Henry Miller : Une vie dédiée à la passion de l’écriture


Par Miloudi Belmir
Mardi 19 Décembre 2017

On le fêtait partout, cet épicurien Henry Miller. Les lecteurs des quatre continents se disputaient ses romans, il trouvait aussi bien à New York qu’à Paris de bruyants admirateurs et de jolies admiratrices pour lui faire escorte dans les bistrots, il ne voyageait qu’en bateau de croisière et ne buvait que du vin rouge. Rien ne retenait sur terre ce perpétuel errant. Américain né à Brooklyn de parents puritains, il aimait la vie et l’écriture. Venu de nulle part, il allait n’importe où…

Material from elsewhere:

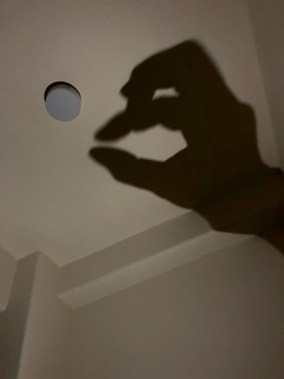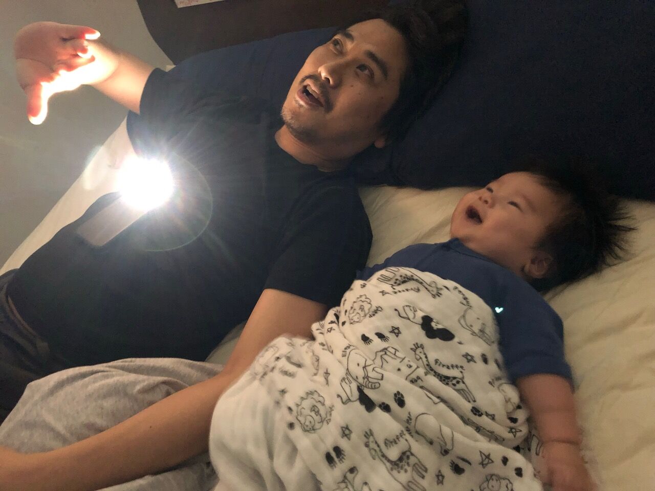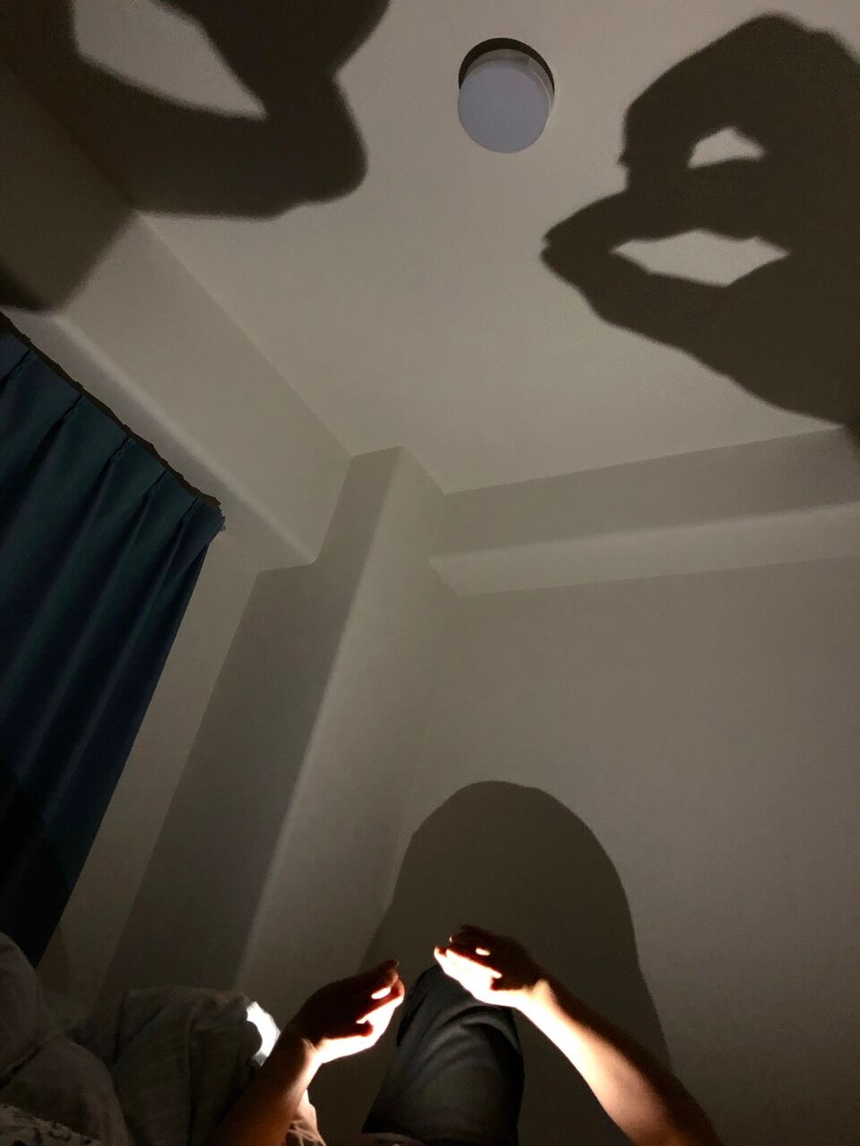 あと、ふと思いついて、iPhoneのライトを使い、暗い寝室の天井に指を使った影絵を映すと、とても興奮して声をあげながら見ていたので、次は影絵用の型紙でも作ろうかなと思います。

Il était américain, mais en réalité il n’avait d’autre patrie que l’écriture. Ses biens étaient un passeport et une valise. Il avait parcouru l’Europe et l’Amérique, vécu dans les hôtels miteux et les auberges borgnes. La vie de plaisir n’était pour lui qu’une façon d’écrire, de boire et d’aimer. Il avait toujours fréquenté les bistrots  et les bars populaires, riant, chantant comme un jeune homme. Buvant trop. Ne payant guère. Aux yeux de tous, il voulait rester le vrai épicurien.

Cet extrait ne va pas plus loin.